[EXERCISE INPUT — start]

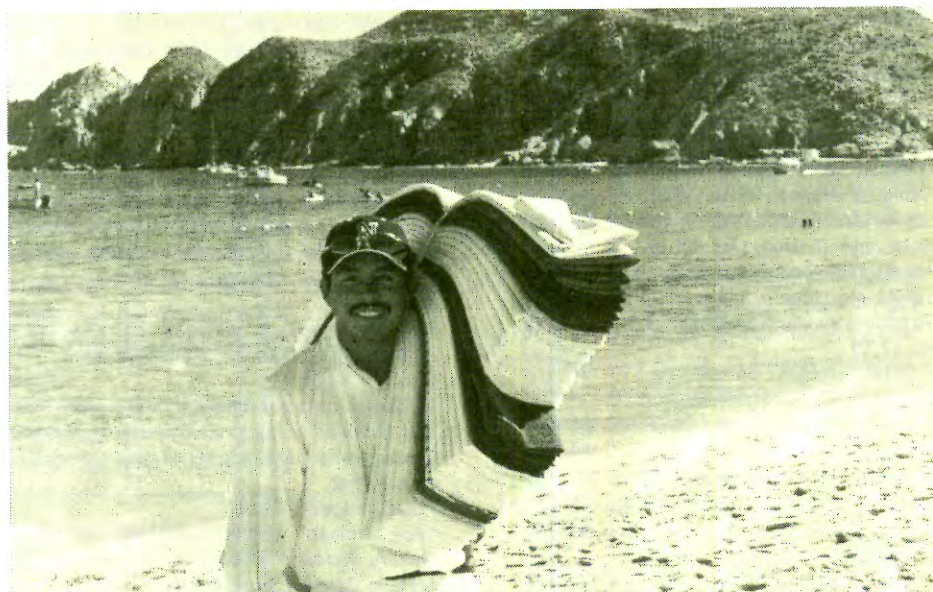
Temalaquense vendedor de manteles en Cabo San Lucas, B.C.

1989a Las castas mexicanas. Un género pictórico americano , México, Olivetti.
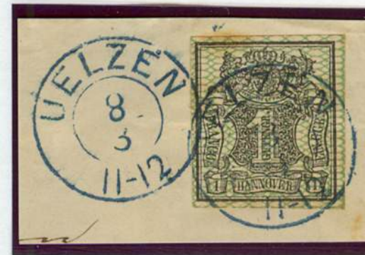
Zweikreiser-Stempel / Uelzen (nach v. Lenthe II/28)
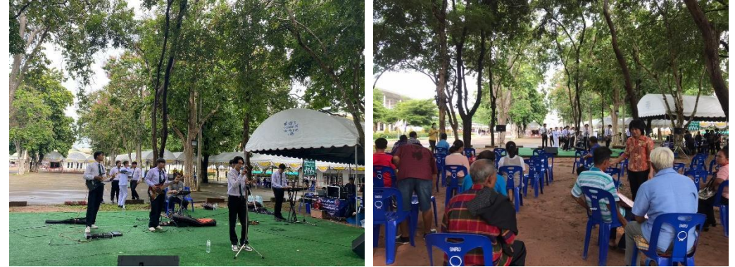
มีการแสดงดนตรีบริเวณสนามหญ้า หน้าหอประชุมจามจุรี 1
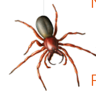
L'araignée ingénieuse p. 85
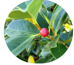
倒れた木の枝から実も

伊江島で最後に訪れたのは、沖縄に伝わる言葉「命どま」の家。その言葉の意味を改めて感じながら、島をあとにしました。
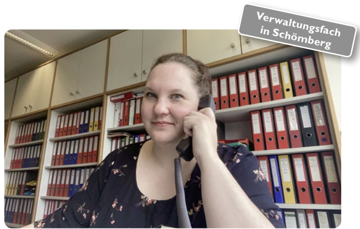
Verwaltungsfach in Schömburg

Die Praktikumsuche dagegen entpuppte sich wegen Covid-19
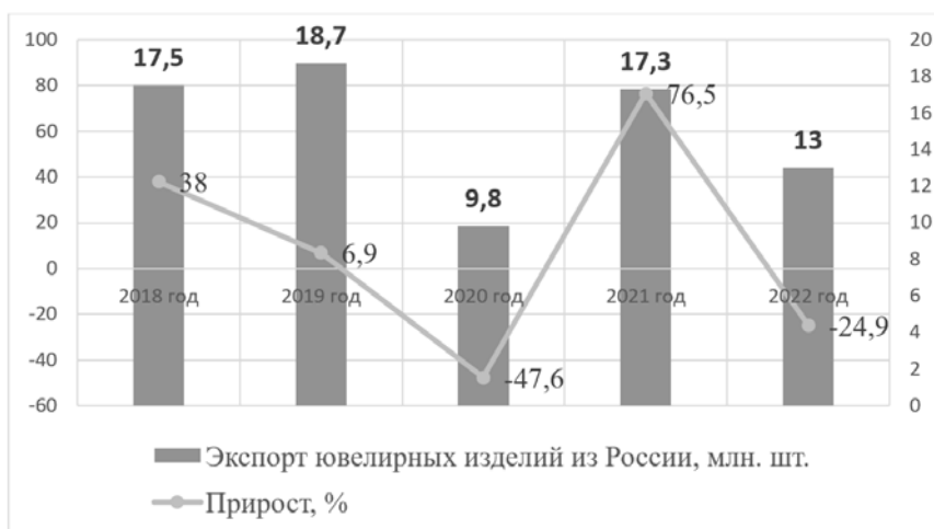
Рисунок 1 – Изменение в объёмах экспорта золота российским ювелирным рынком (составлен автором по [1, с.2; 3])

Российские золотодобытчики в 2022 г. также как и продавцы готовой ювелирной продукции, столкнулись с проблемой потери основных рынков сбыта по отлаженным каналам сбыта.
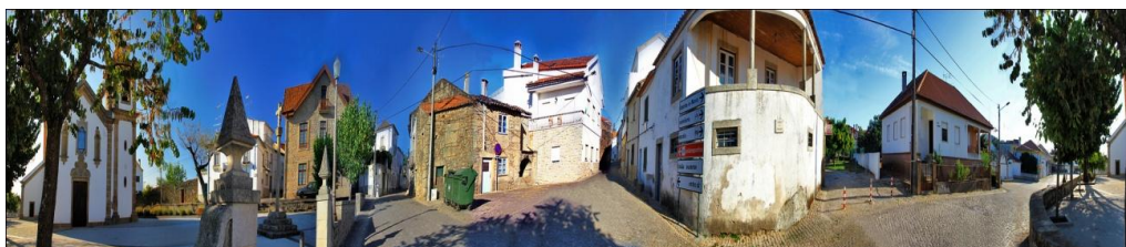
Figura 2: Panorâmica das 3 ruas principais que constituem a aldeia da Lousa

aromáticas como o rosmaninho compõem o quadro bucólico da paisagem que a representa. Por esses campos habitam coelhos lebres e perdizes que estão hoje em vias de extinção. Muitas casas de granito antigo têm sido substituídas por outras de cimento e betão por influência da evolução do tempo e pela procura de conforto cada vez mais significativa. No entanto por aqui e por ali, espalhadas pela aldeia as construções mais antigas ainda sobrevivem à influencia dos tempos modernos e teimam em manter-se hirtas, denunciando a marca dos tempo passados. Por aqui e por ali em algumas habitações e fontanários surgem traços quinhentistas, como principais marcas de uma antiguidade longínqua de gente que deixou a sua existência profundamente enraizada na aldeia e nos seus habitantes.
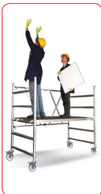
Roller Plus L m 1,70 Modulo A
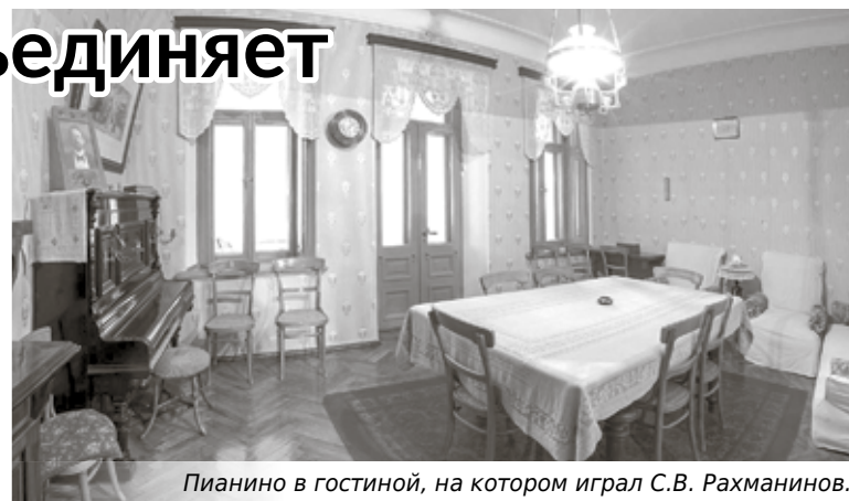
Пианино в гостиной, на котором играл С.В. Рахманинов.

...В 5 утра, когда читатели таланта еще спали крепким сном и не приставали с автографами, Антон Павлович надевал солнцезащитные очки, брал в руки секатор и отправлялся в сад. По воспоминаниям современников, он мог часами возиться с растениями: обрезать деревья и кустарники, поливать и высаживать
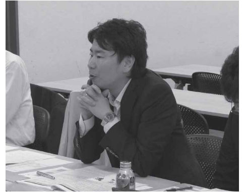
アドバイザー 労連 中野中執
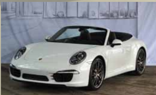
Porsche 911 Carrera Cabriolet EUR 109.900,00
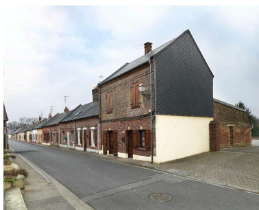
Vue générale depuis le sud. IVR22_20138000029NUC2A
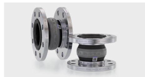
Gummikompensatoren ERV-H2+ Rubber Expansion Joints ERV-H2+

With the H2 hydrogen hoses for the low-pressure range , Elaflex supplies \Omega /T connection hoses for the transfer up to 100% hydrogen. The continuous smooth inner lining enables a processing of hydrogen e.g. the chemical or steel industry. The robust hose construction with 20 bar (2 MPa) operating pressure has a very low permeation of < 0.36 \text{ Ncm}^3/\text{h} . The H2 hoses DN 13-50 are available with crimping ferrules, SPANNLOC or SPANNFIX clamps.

[EXERCISE INPUT — finish]
[EXERCISE INPUT — start]

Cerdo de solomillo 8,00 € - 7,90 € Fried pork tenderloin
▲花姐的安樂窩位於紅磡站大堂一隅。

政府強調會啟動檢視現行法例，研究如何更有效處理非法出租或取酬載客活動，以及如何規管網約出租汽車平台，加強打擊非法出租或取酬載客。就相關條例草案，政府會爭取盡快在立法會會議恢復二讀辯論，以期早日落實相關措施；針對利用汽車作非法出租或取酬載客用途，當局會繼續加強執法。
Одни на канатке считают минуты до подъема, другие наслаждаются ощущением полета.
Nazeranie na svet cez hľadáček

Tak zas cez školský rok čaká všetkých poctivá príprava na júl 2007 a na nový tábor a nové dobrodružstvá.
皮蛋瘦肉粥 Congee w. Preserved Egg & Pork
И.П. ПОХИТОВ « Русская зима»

[EXERCISE INPUT — finish]

◆ **WORK REQUEST**
Above are entries with pictures among them. Write out exactly the lines from the one containing "L'araignée ingénieuse p. 85" through the one containing "Figura 2: Panorâmica", ends included, and leave those pictures out.

◆ **OUTPUT**
L'araignée ingénieuse p. 85
倒れた木の枝から実も

伊江島で最後に訪れたのは、沖縄に伝わる言葉「命どま」の家。その言葉の意味を改めて感じながら、島をあとにしました。
Verwaltungsfach in Schömburg

Die Praktikumsuche dagegen entpuppte sich wegen Covid-19
Рисунок 1 – Изменение в объёмах экспорта золота российским ювелирным рынком (составлен автором по [1, с.2; 3])

Российские золотодобытчики в 2022 г. также как и продавцы готовой ювелирной продукции, столкнулись с проблемой потери основных рынков сбыта по отлаженным каналам сбыта.
Figura 2: Panorâmica das 3 ruas principais que constituem a aldeia da Lousa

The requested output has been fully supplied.